He studied at Cambridge but led a riotous life of drinking and whoring, and his poetry wasn't any great shakes until he met the revolutionary young poet William Wordsworth in 1795. Together they wrote what must be the most important volume of verse of the past few hundred years: the Lyrical Ballads. Much of Coleridge's great poetry was written during this time, including "The Rime of the Ancient Mariner" and "Kubla Khan".

Despite this success, his private life was troubled: he had a stormy relationship with his wife, he had fallen in love with the sister of Wordsworth's future wife, Sara Hutchinson, and had become addicted to opium.
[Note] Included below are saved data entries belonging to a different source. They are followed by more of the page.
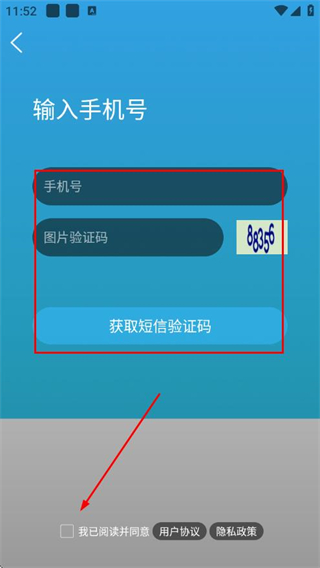 3、在输入手机号、图片验证码,勾选同意协议,点击获取短信验证码完成注册。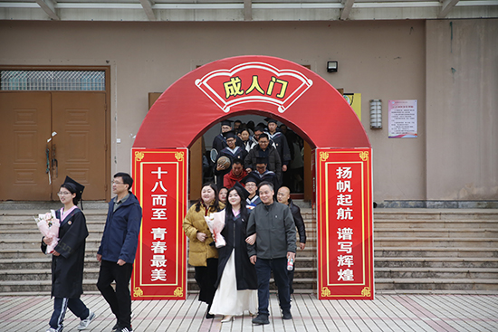 第四篇章“十八啟航·奔赴未來(lái)”為2023級(jí)學(xué)生舉行了莊重的成人禮儀式。在23電子班魏世勇、覃喆演唱的《像風(fēng)一樣》歌聲中,儀式正式拉開(kāi)序幕。學(xué)生代表深情朗誦《十八歲暢想》,抒發(fā)了對(duì)成長(zhǎng)的理解與對(duì)未來(lái)的憧憬;隨后,家長(zhǎng)代表為孩子們佩戴象征責(zé)任與擔(dān)當(dāng)?shù)某扇嘶照拢瑐鬟f著長(zhǎng)輩的關(guān)愛(ài)與期許;教師代表深情寄語(yǔ),勉勵(lì)同學(xué)們勇?lián)鷷r(shí)代使命。全體學(xué)生面向師長(zhǎng)鄭重鞠躬致謝,并舉起右拳莊嚴(yán)宣誓,承諾履行公民責(zé)任,立志成為有用之才。最后,在十佳歌手領(lǐng)唱的《我的未來(lái)不是夢(mèng)》歌聲中,全體高三學(xué)子攜手老師和家長(zhǎng),滿懷信心地走過(guò)象征著成長(zhǎng)與希望的“成人門”,完成了從青少年到成人的重要跨越。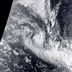 On December 9, ahead of Cyclone Wasa affecting French Polynesia, the High Commissioner Jean Montpezat declared a state of maximum alert which closed schools and banned navigation.[18][19][20] On December 12, tourists on the island of Bora Bora were evacuated to a local church, after the system had swept high seas into tourist bungalows.[21] Overall Cyclone Wasa-Arthur caused an estimated US$60 million in damage within the six Leeward Islands, the two Windward Islands of Tahiti and Moorea and several of the Austral Islands with the majority of the damage done between December 9 – 12.[20] The system destroyed 367 homes, damaged 855 other homes, destroyed or damaged a variety of crops and damaged several public buildings, hotels, roads and power installations, with the worst affected islands were Bora Bora and Tubuai.[1][20] On Rurutu island, Moerai harbour was destroyed by a cyclonic swell generated by the system, while the local school and police station were destroyed by high waves.[22][23] A woman and her child were killed while asleep after torrential rainfall from the system caused a mudslide on the island of Moorea, during a night of torrential rain the day after Wasa had made its closest approach to the island.[1][20][24]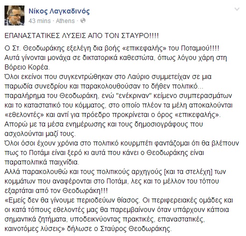 Αλλά παρακολουθώ και τους πολιτικούς αρχηγούς [και τα στελέχη] των κομμάτων που αναφέρονται στο Ποτάμι, λες και το μέλλον του τόπου εξαρτάται από τον Θεοδωράκη!!!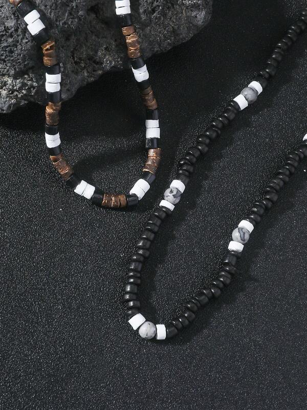 ROMWE Goth 2pcs Bohemian Vintage Style Natural Coconut Shell Beads String Stone Pendant Men's Necklace Set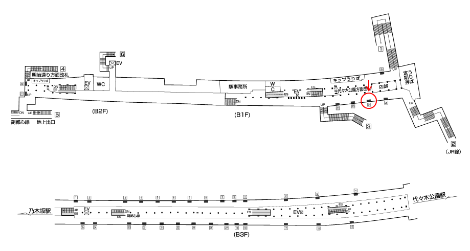 ○千代田線№23 改札外コンコース(代々木公園方面改札) |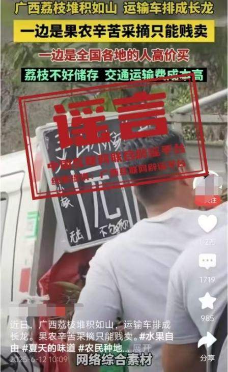 真相:6月12日,網(wǎng)傳“近日廣西荔枝堆積如山,運(yùn)輸車排成長龍。果農(nóng)辛苦采摘只能賤賣”的視頻,畫面顯示荔枝堆積和“靈山荔枝1元”字樣。經(jīng)核查,視頻內(nèi)容并非發(fā)生在靈山縣。目前,靈山荔枝“妃子笑”等中熟品種逐漸批量上市,大規(guī)模上市時間為6月20日左右,當(dāng)前荔枝產(chǎn)銷有序開展,并未發(fā)現(xiàn)個別媒體報道的“荔枝滯銷賤賣”“采摘堆積成山”“運(yùn)輸車排成長龍”的情況,也沒有發(fā)現(xiàn)價格低到1元的荔枝出售。(來源:“廣西互聯(lián)網(wǎng)違法和不良信息舉報”微信公眾號)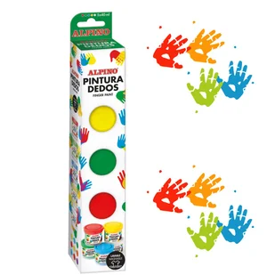 Zestaw farb do malowania palcami Alpino 5 kolorów: • wysokopigmentowe, kolory o bardzo silnych właściwościach kryjących • Gęsta konsystencja • Pakowane w kub...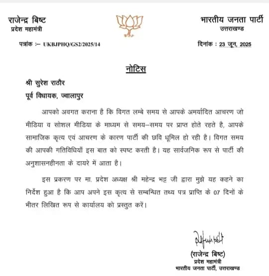 अब निगाहें इस बात पर टिकी हैं कि पूर्व विधायक सुरेश राठौर पार्टी को क्या जवाब देंगे, और भाजपा उनके उत्तर के आधार पर क्या कदम उठाएगी।
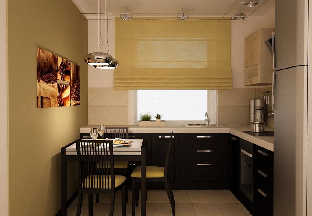 - Имейте в виду, при длительном воздействии обилие желтых красок в дизайне кухни начинает раздражать и утомлять. Поэтому лучше не использовать желтый в интерьере как фон и основу цветовой гаммы. Гораздо гармоничнее он выглядит в виде цветовых акцентов: в декоре, посуде, небольших предметах мебели. Например, чтобы внести нужный импульс энергии в скучное пространство, достаточно повесить на окна желтые шторы как показано на фото ниже.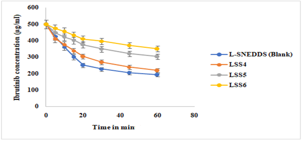 Fig. 8: In vitro concentration release data of Ibrutinib from blank SNEDDS and LSS4-LSS6, Data is given as mean±Standard Deviation; (n=3)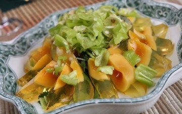 香菜拌毛肚、干豇豆拌鸡杂、自制柠檬沙拉酱。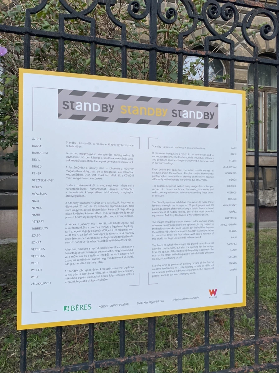 The Standby open-air exhibition endeavours to evoke these feelings, through the images of 20 photograghs and 23 paintings, vision of more than forty artists in the exeptional environment of Kodaly korond, one of the most beautiful squares on Andrassy Boulevard, a World Heritage Site.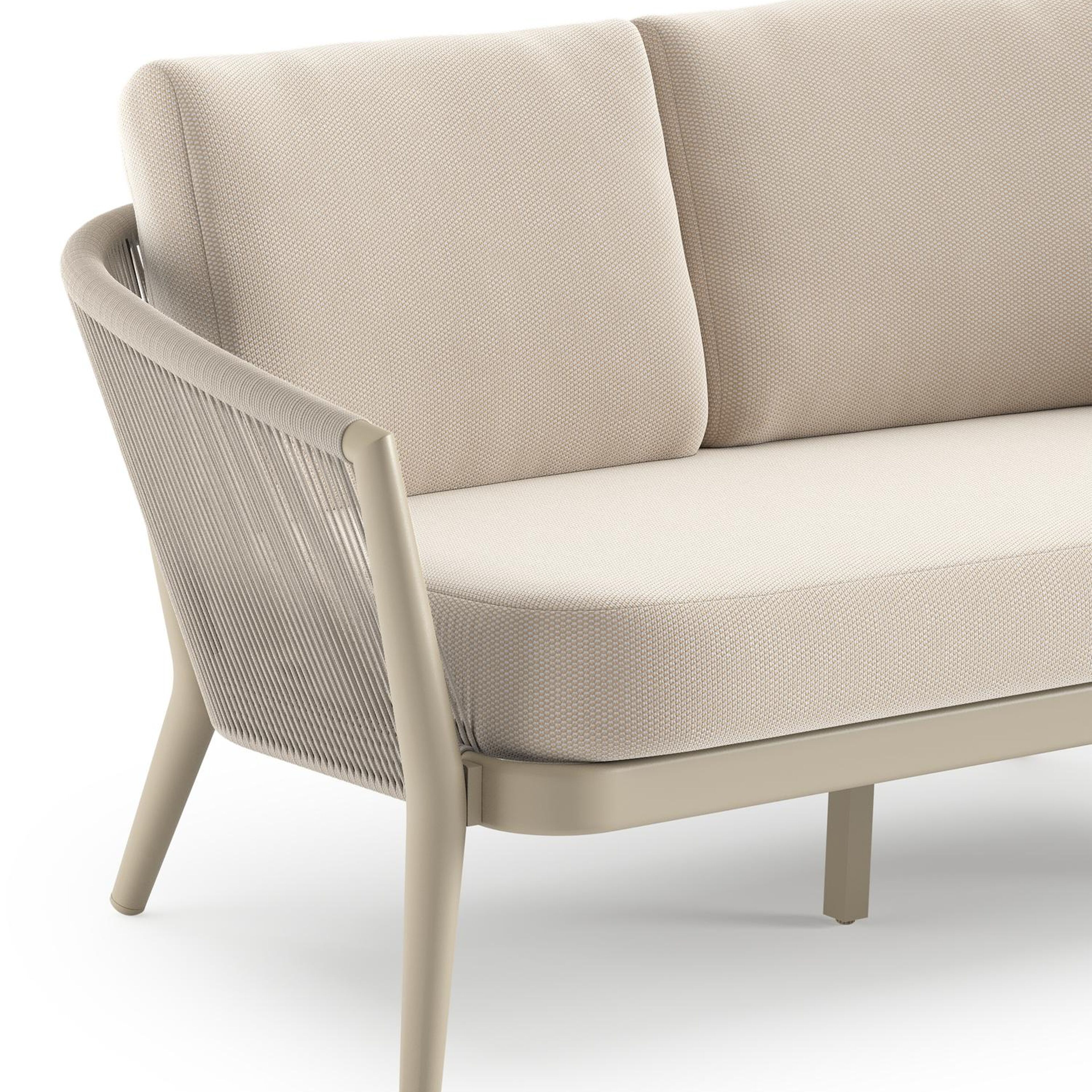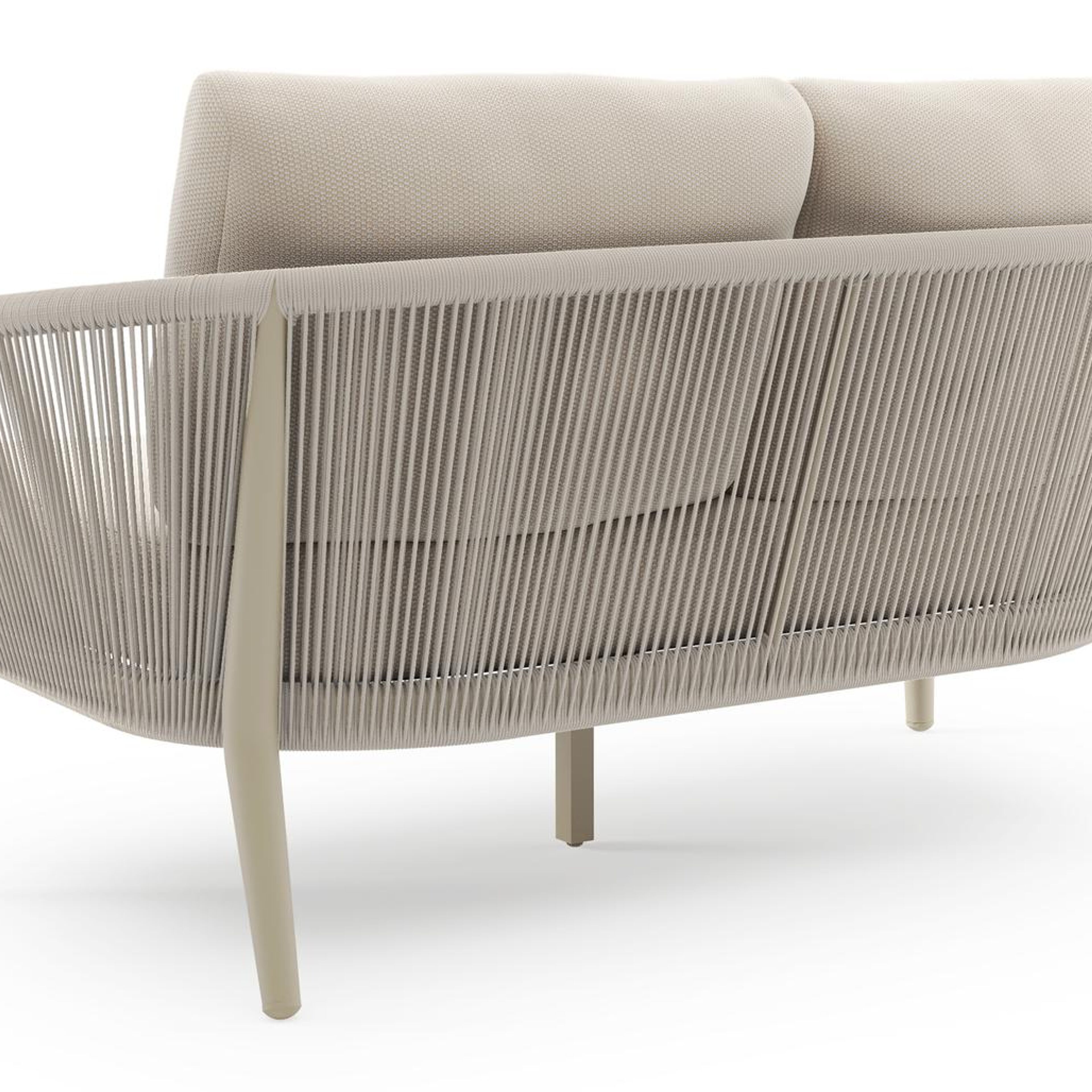 Orso loungebank in beige aluminium en beige verticaal geweven ronde rope met Lopi Antique all weather sunbrella® luxe kussen | Exterioo tuinmeubelen

The first chapter of Darker Reflections finds Coleridge, aged 32, on a boat bound for Malta, escaping his problems in England. It is a fast-moving, pacey chapter which skilfully manages to summarise the main points of the earlier life - so don't worry if you haven't read Early Visions.

It is the beginning of a roller-coaster ride: the dreamy poet becomes a top civil servant in Malta, writing strategy papers for Nelson, half falls in love with an Italian opera singer and then returns to England. Despite becoming the greatest lecturer of his age, he is assailed by personal demons: at one point, he suffers a druggy vision of Wordsworth making love to Sara Hutchinson. This leads, albeit indirectly, to a terrible row between the two poets.

The descriptions of the physical and mental effects of Coleridge's opium addiction make Irvine Welsh's drug-addled fiction seem tame. Holmes's exhaustive research reveals that Coleridge was consuming prodigious quantities of the drug. The addiction meant that disaster followed every triumph. A year after an unexpected West End theatre hit, we find the poet languishing in a pub outside Bristol after the worst overdose of his life.

But what is remarkable is the way that Coleridge always manages to pull himself back from the brink. A year after this ghastly overdose, Coleridge is writing the most important work of Romantic criticism and autobiography: the Biographia Literaria.

Holmes's controversial contention that Coleridge achieved a great deal of lasting literary significance in the last 30 years of his life is proved in Darker Reflections. The excerpts from the notebook, the lectures,journalism, prose works and later poetry are astonishing and have been unjustly neglected. This biography triumphantly rectifies the situation.